Religiously, I can vouch for my men. I have seen them kneel in full field equipment, dust-stained faces, weary from sleepless nights of combat. I’ve watched them kneel in adoration at Consecration in the rear of woodsheds, along the highway where mass was held, and in the stately churches left intact from the ravages of war. These men are spearheads, often the very first to enter conquered territory. Fearless, fighting, and at once gracious, smiling, amusing, and filled with a vivacity that only the American soldier has. I’ve seen them do coiffours (sic) in a conquered Fraulein’s beauty shoppe near Munich; clear the crèmes from the shelf and pack them away, then turn the shop into a chaplain’s office. I’ve seen them laugh when they had a manure pile for a front porch to their nightly rest under the stars. I’ve seen them weep when their buddies were announced as dead from sniper fire. For 91 consecutive days, I rode in column, went with them day and night, knew their fears, their lack of baths, their torn clothing, their best girls in Buffalo and Nashville and Omaha. They were with me Easter Sunday noon in Hartheim when a jet plane strafed the town and dropped two bombs – 8 feet and 30 feet, respectively, from the church as they knelt at my mass. I saw their faces in the early morning rain when news came that our great Commander-in-Chief [Franklin Roosevelt] was dead on April 12. I watched their eager faces when I spoke to them of the history of Augsburg, Speyer, Heidelberg, Munich, and the Beer Hall Putsch of 1923. Or when I told them of the Brenner Pass and Mozart’s home in beautiful Salzburg. One doesn’t know an American soldier from the Pathe News at Radio City, or from an Alan Ladd movie, or the glowing account of an Ernie Pyle. You must be with them, eat the same K rations, watch them in the Ordinance motor pools, watch their humor in the mess line, glimpse their reactions when mail is handed out. They are real, sincere, wholesome, fearless, yet kind and forgiving: a flower of manhood.

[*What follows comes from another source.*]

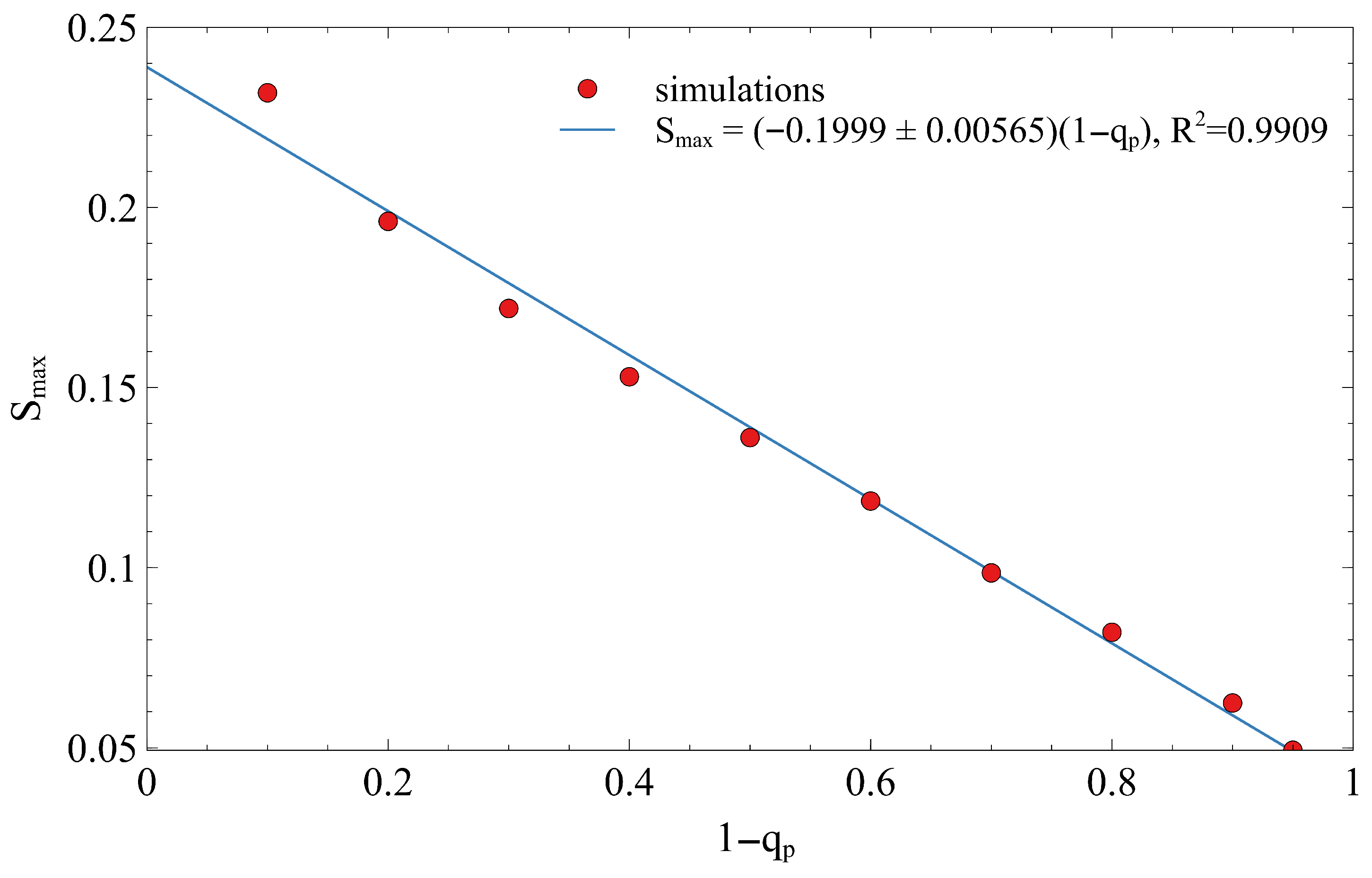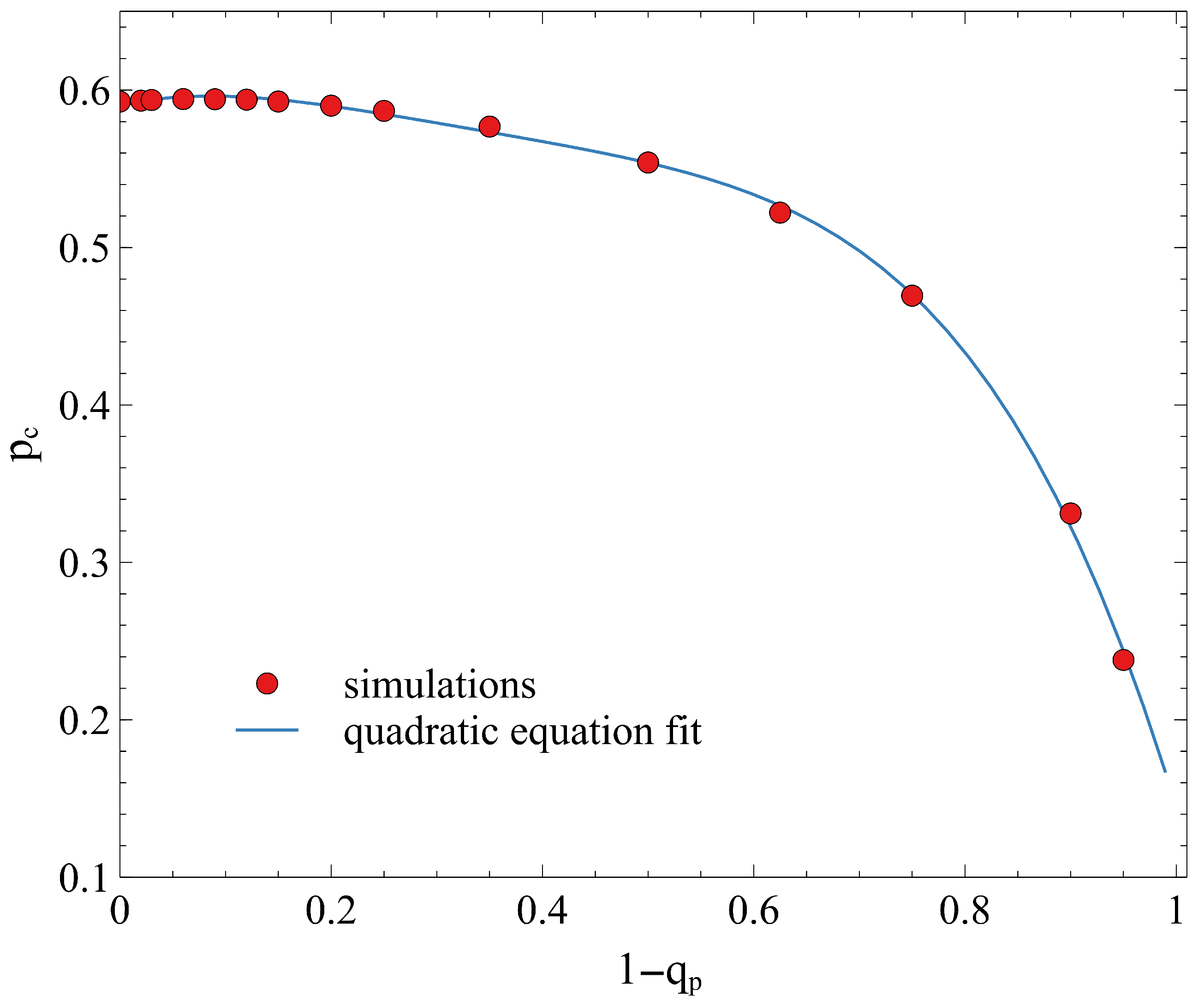 becomes uniform throughout the entire lattice. Under this condition, the spatial gradient vanishes, and every site is removed with certainty, leading to a completely vacant lattice. This represents the absolute upper bound of the infection process, where the system cannot sustain any connectivity. While we tried several fittings for the points of
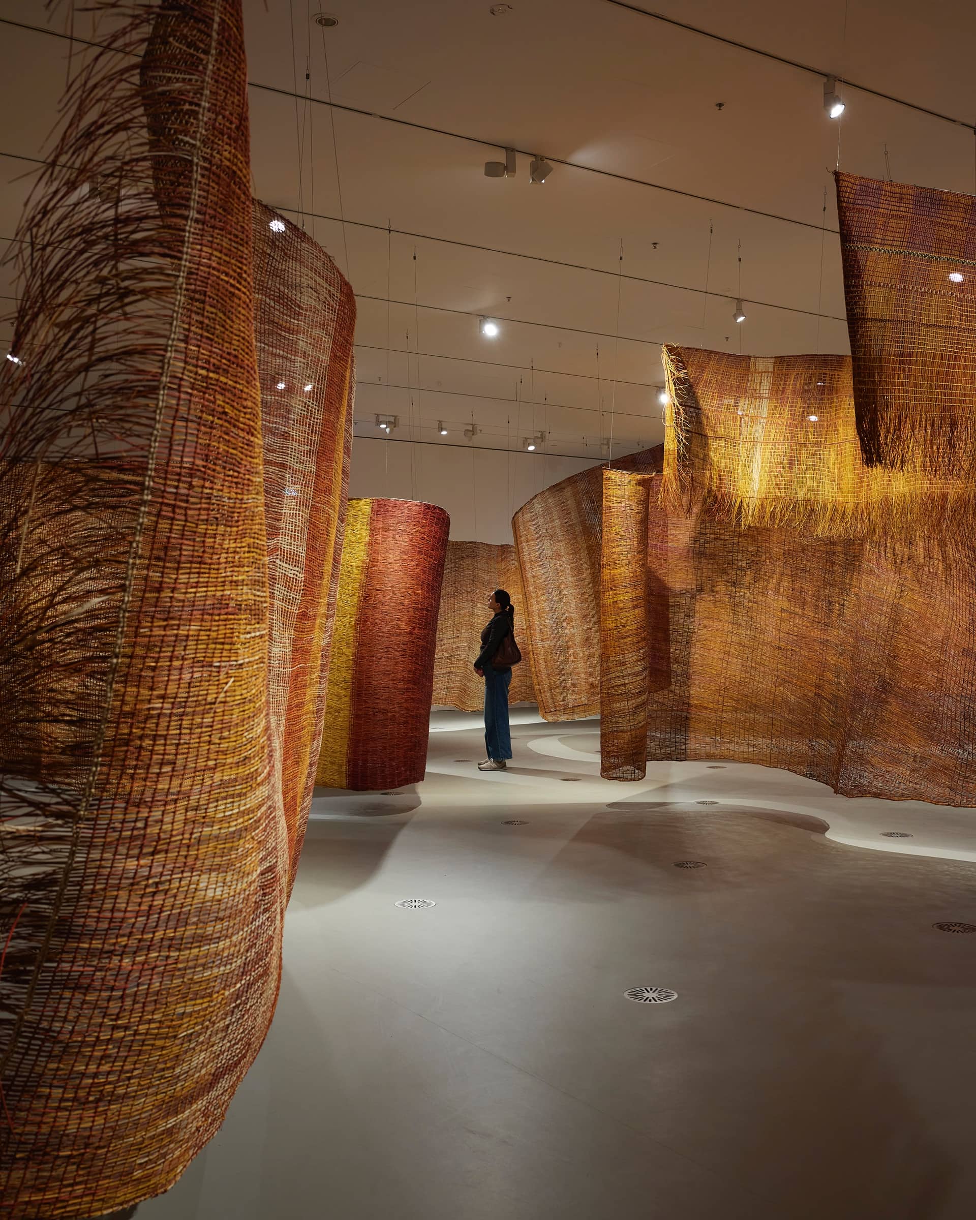 The Community of Maningrida in Central-West Arnhem Land has long been home to a rich and vibrant cultural heritage, with a particular strength in the tradition of weaving. For generations, Burarra people have been creating beautiful and intricate an-guchechiya (fish trap), burlurpurr (bathi or dilly bags) and bamagora (conical mat/women’s skirt used for ceremony), as well as many other woven items. Burarra women from Maningrida use natural materials such as gun-menama (pandanus leaves), burdaga (kurrajong) and various bark fibres to produce their work. In 2021 the NGV through the Lisa Fox Commissions Series commissioned the largest woven sculpture ever produced in Australia, Mun-dirra, 2023.

I have a daily duty in my own life to constantly check myself to see if I am worthy to be the chaplain of such stalwart, noble fighting men.
I’ve a need to find a good German Frau to wash my clothes. There are monthly chaplain’s reports to file and a memorial service to plan. Why go on prosaically, when you can listen to Kaltenborn and Robert St. John for more lucid accounts of what we have seen and done. Perhaps it is on to Burma, China, Japan, or, perhaps, home. Whatever it may be, don’t relinquish a memory prayer for my men and a Padre who needs one too.
My kindest wishes,
Maurice E. PowersCaptain, Chaplains Corps
United States Army
Chaplain Powers leads a service for Memorial Day 1945 in Lorsch, Germany.